Fujiko Nakaya’s misty sculptures. Photo: Pinault Collection
Nakai does not create an image of fog, but fog itself, writes the Pinault Collection (Bourse de Commerce, Paris). Using a system of high-pressure pumps and special nozzles, the rotunda’s space is regularly filled with tiny water droplets that form a dense white cloud. Visitors can move freely within the installation, disappearing and reappearing from the thick mist.
The work enters into a dialogue with the architecture of the building, which was renovated by Japanese architect Tadao Ando. The mist alters our usual perception of space: the outlines of walls, people, and interior elements constantly appear and dissolve, transforming a walk through the museum into an extraordinary visual experience.
According to curator Anne-Marie Duget, the artist does not simply use a natural phenomenon as artistic material, but creates conditions for a direct experience of its changeable nature. Fog simultaneously becomes both the object of observation and an obstacle to it, forcing viewers to look at the surrounding space in a new way.

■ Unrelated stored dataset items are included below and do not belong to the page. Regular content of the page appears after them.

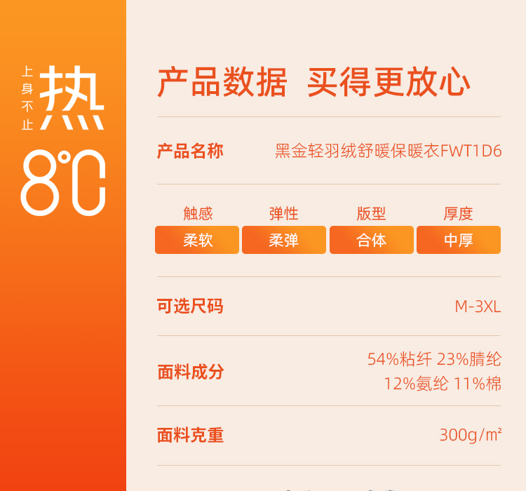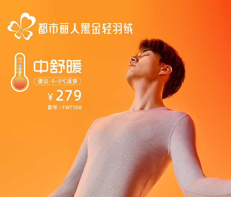 都市丽人黑金.轻羽绒3.0保暖衣套装舒暖轻羽绒长袖长裤男士特殊面料套装FWT1D6
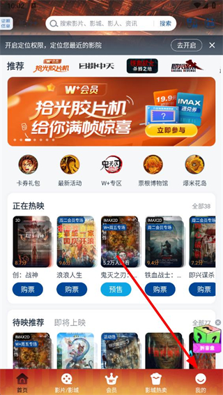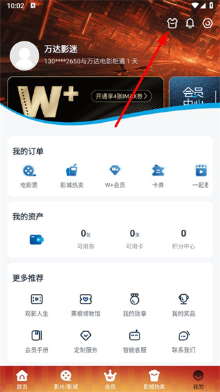 1、打開(kāi)萬(wàn)達(dá)電影app,在首頁(yè)點(diǎn)擊右下角我的選項(xiàng),進(jìn)入個(gè)人頁(yè)面。
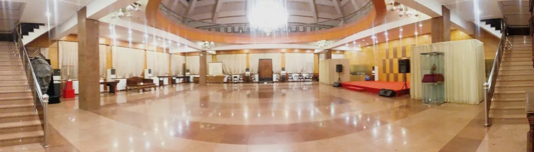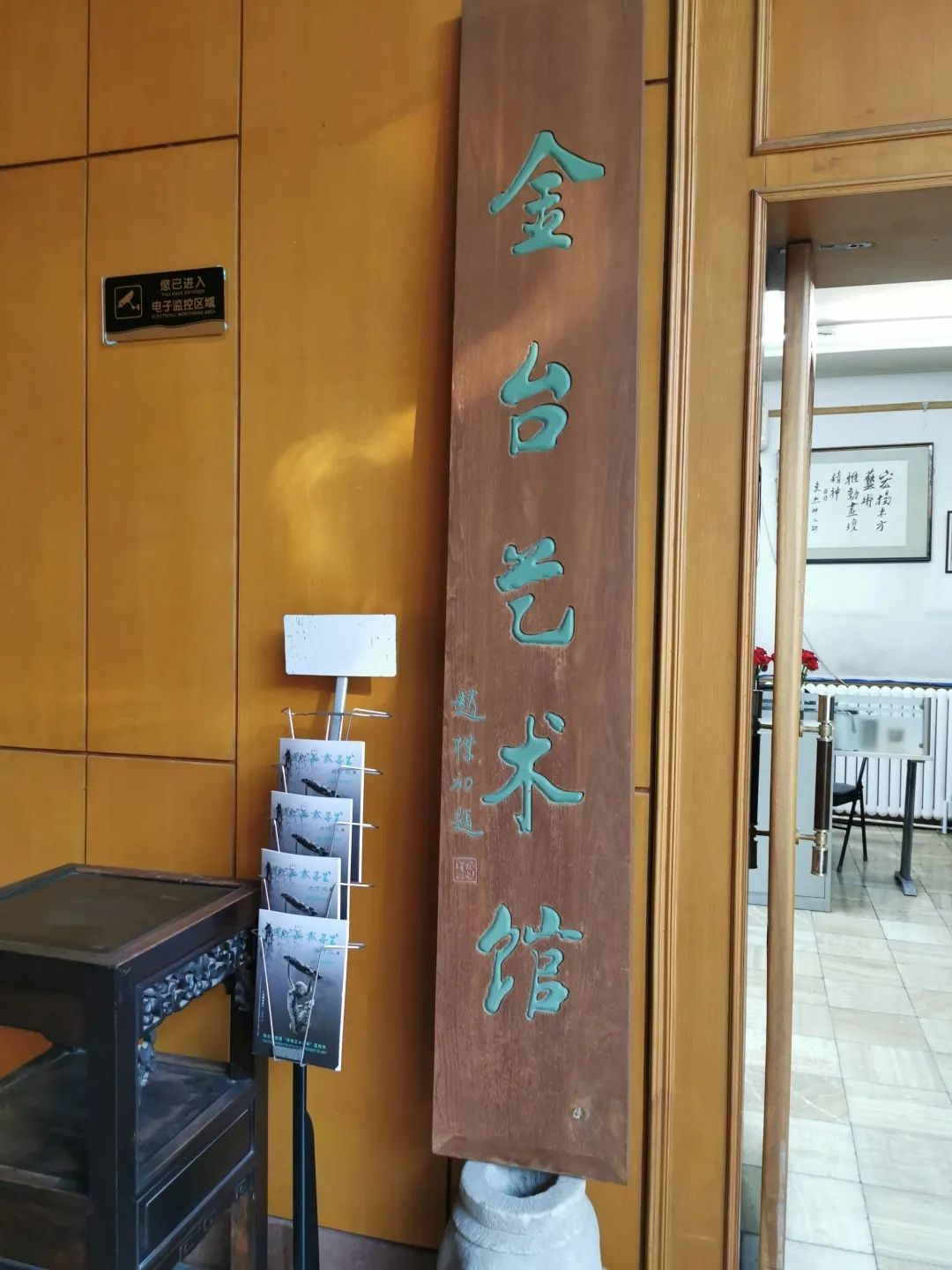一行人魚貫來到藝術館一樓大廳,迎面擺放着中國現代社會活動家趙樸初先生題寫的“金台藝術館”匾額,格外醒目。

Fujiko Nakaya is considered a pioneer of fog sculpture. As early as the late 1960s, she joined the international group Experiments in Art and Technology (EAT), which explored the interaction between art and technology. The artist presented her first large-scale fog installation at the World Expo in Osaka in 1970. Since then, she has realized dozens of projects around the world, and the high-pressure water atomization technology she developed has become the hallmark of her work.
Nakai’s works exist for only a moment and are never exactly the same. Their form depends on temperature, humidity, and air movement. It is precisely this ephemerality that has made the artist’s fog sculptures one of the most recognizable and unusual trends in contemporary art.